Input data >>

>>

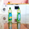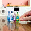 The set includes three types of detergent: dish soap, laundry detergent, and fabric softener, each with its own bottle. All bottles come with functional caps and can be filled*!
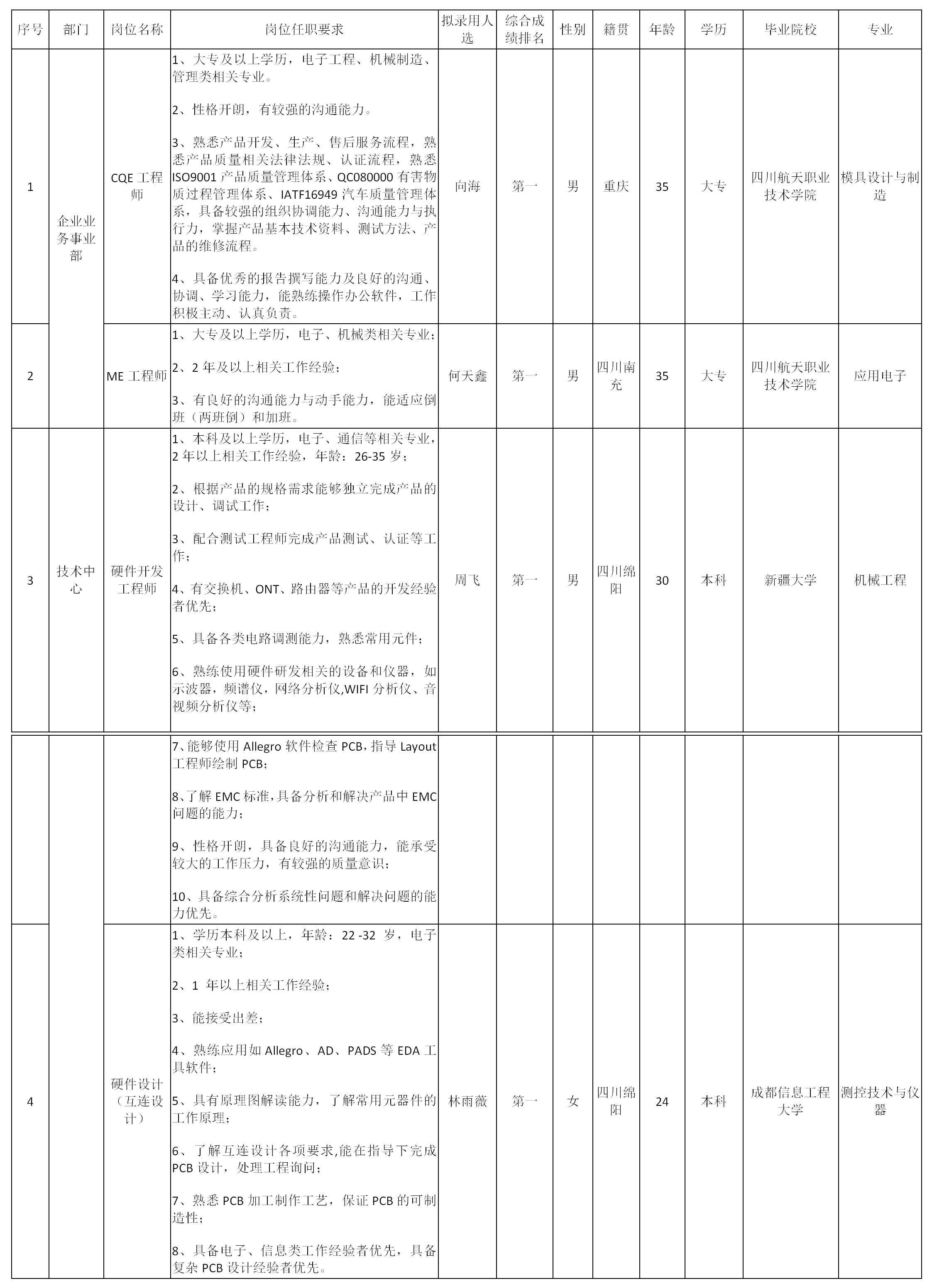 根據(jù)四川九州電子科技股份有限公司發(fā)布的招聘公告及招聘相關規(guī)定,經筆試、面試、考察、體檢等程序,擬錄用向海等4名同志到四川九州電子科技股份有限公司工作,現(xiàn)予以公示,具體情況如下:
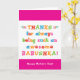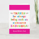 Tu appelles ta grand-mère Babushka, pas grand-mère. (Babushka signifie grand-mère en russe.) Imaginez combien Babushka sera excitée de recevoir une carte de fête des mères qui lui sera adressée en particulier ! Votre babushka aimera aussi le design amusant et coloré de cette carte qui dit "Merci d'être toujours une Babushka si géniale! Bonne fête des mères !" Rendre cette carte personnalisable ! Cliquez sur "Edit Design", "Inside Bottom/Right : Text & Images", "Text" et "Add text" pour écrire votre propre message personnalisé à Babushka à l'intérieur !

<<

Work item >> Make a word-for-word repeat of the material, skipping all pictures.

Task result >>
 The set includes three types of detergent: dish soap, laundry detergent, and fabric softener, each with its own bottle. All bottles come with functional caps and can be filled*!
 根據(jù)四川九州電子科技股份有限公司發(fā)布的招聘公告及招聘相關規(guī)定,經筆試、面試、考察、體檢等程序,擬錄用向海等4名同志到四川九州電子科技股份有限公司工作,現(xiàn)予以公示,具體情況如下:
 Tu appelles ta grand-mère Babushka, pas grand-mère. (Babushka signifie grand-mère en russe.) Imaginez combien Babushka sera excitée de recevoir une carte de fête des mères qui lui sera adressée en particulier ! Votre babushka aimera aussi le design amusant et coloré de cette carte qui dit "Merci d'être toujours une Babushka si géniale! Bonne fête des mères !" Rendre cette carte personnalisable ! Cliquez sur "Edit Design", "Inside Bottom/Right : Text & Images", "Text" et "Add text" pour écrire votre propre message personnalisé à Babushka à l'intérieur !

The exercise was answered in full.